Stem cell first: Creating induced pluripotent stem cells
In a world first, Australian researchers have created induced pluripotent stem (iPS) cells from human skin without the use of viruses or genetic manipulation, an important step toward their eventual use in treating human disease.
The University of New South Wales breakthrough means work can now progress on the use of iPS cells to generate brain cells for the study and eventual treatment of degenerative brain diseases.
“By successfully creating iPS cells without resorting to viruses or genetic manipulation we have removed a major hurdle to their therapeutic use,” said UNSW’s Stem Cell Lab Director, Associate Professor Kuldip Sidhu.
The lab is now working closely with Scientia Professor Perminder Sachdev from UNSW’s School of Psychiatry to produce Alzheimer’s, Huntington’s and Parkinson’s stem cell lines.
A paper outlining the breakthrough appears this month in the prestigious journal PLoS One.
First generated from human skin by Japanese scientists in 2007, iPS cells revolutionized stem cell research by potentially eliminating the need to harvest human embryos.

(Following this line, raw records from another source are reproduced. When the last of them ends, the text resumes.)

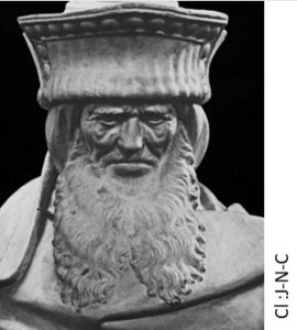 en plâtre ci-contre : le buste d’un noble vieillard barbu au regard apitoyé et las, dont l’imposant couvre-chef désigne souvent, dans l’iconographie chrétienne occidentale, un Juif d’importance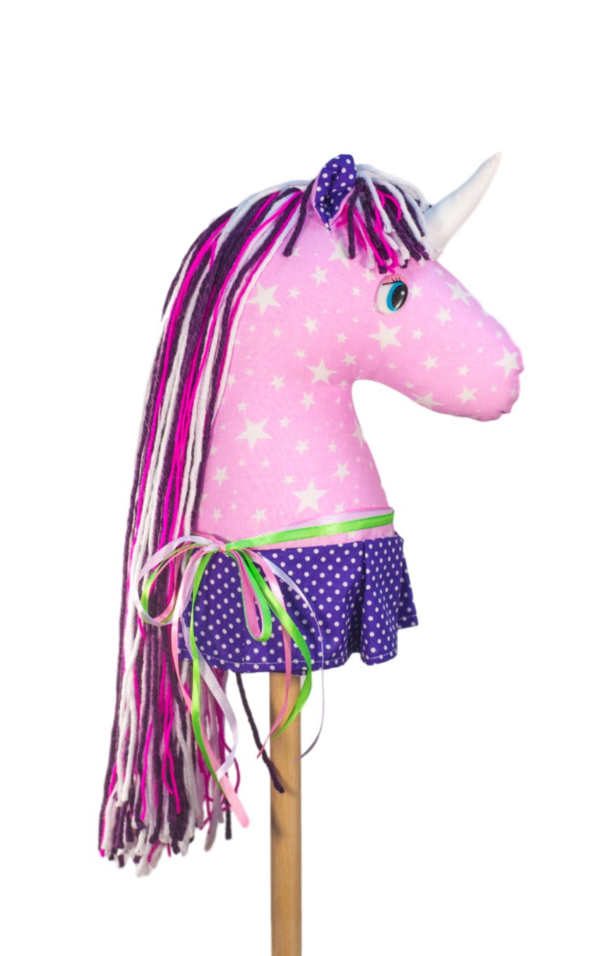 Палка сделана из экологичного и прочного материала -- дерева -- и тщательно отшлифована для избавления от заноз и сколов. Мордашка выполнена из натуральной бязевой ткани, а грива -- из шерстяных ниток. Игрушка имеет оригинальный дизайн, который оценит любая девочка.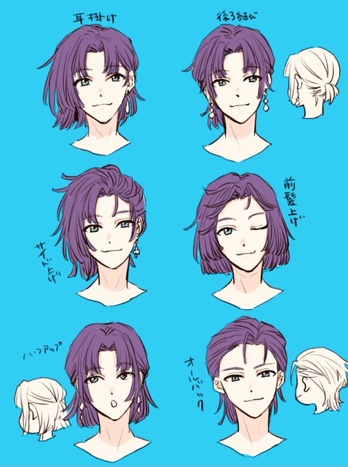 ムルちゃんとカイン君のヘアアレンジを黙々と考えてました…髪を結ぶ、下ろすが可能だからオールバックとかもありかも…?無限の可能性… #まほやく_FA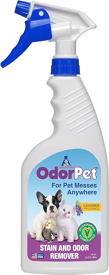 OdorPet Stain & Odor Eliminator Enzyme Cleaner for Pet Odor & Stain Remover for Dogs and Cat Urine Vomit Spot Carpet Cleaner Small Animal Odor Remover Lavender 16oz
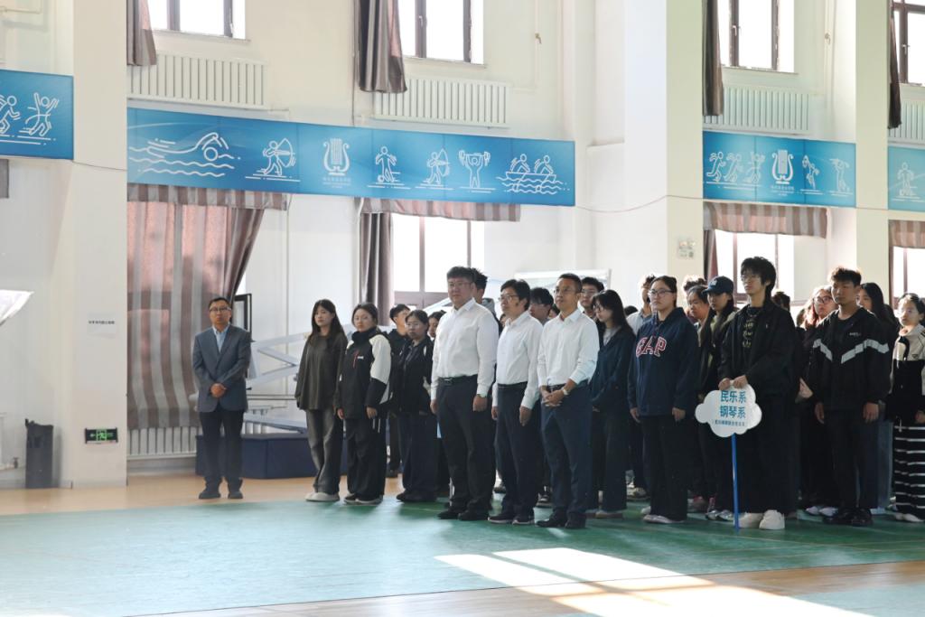 为深入学习宣传贯彻党的二十届三中全会精神,进一步加强对青年学生的爱国主义教育,增强学生的国家意识、民族意识、历史意识,厚植爱党爱国之情、激发强国复兴之志,9月18日,由学院团委主办,声乐歌剧系团委承办的“铭记伟大胜利,擎旗开创未来”纪念“九一八”事变94周年主题升旗仪式在体育馆举行。学院副院长、党委委员宛景森,党委委员、宣传统战部(党委教师工作部)部长丁健出席仪式。学院全体团干部、2025级本科生参加仪式。

Therapeutics derived from the iPS cells are also less prone to immune rejection than those using embryonic stem cells because they are derived entirely from the patient.
However, the Japanese process required the use of lentiviruses, which raised concerns about the introduction of viral DNA sequences into the genome of the recipient cell, increasing the likelihood of future cancers and other mutations.
The technique developed at UNSW’s Stem Cell Lab circumvents this danger, A/Professor Sidhu said. “Because we have bypassed having to use viral particles or any genetic manipulation, the fear of mutations like cancer is almost negligible,” he said.
In the two-stage process, reagents were first used to bring about epigenetic changes in human skin cells. This was followed by treatment with an embryonic stem cell extract to induce reprogramming and pluripotency.
While the breakthrough technique makes the use of iPS cells in human therapies more likely, Professor Sidhu said it was still too early to assume they were the preferred alternative to embryonic stem cells.
“The iPS cells we’ve created appear very similar to embryonic stem cells, but they also exhibit variability and instability in culture. The next step is to make these cells suitable for long-term propagation, so they can be used in therapies,” A/Professor Sidhu said.
The study forms the basis of the PhD work of Jin Han, funded by UNSW Medicine and an Australian Postgraduate Award.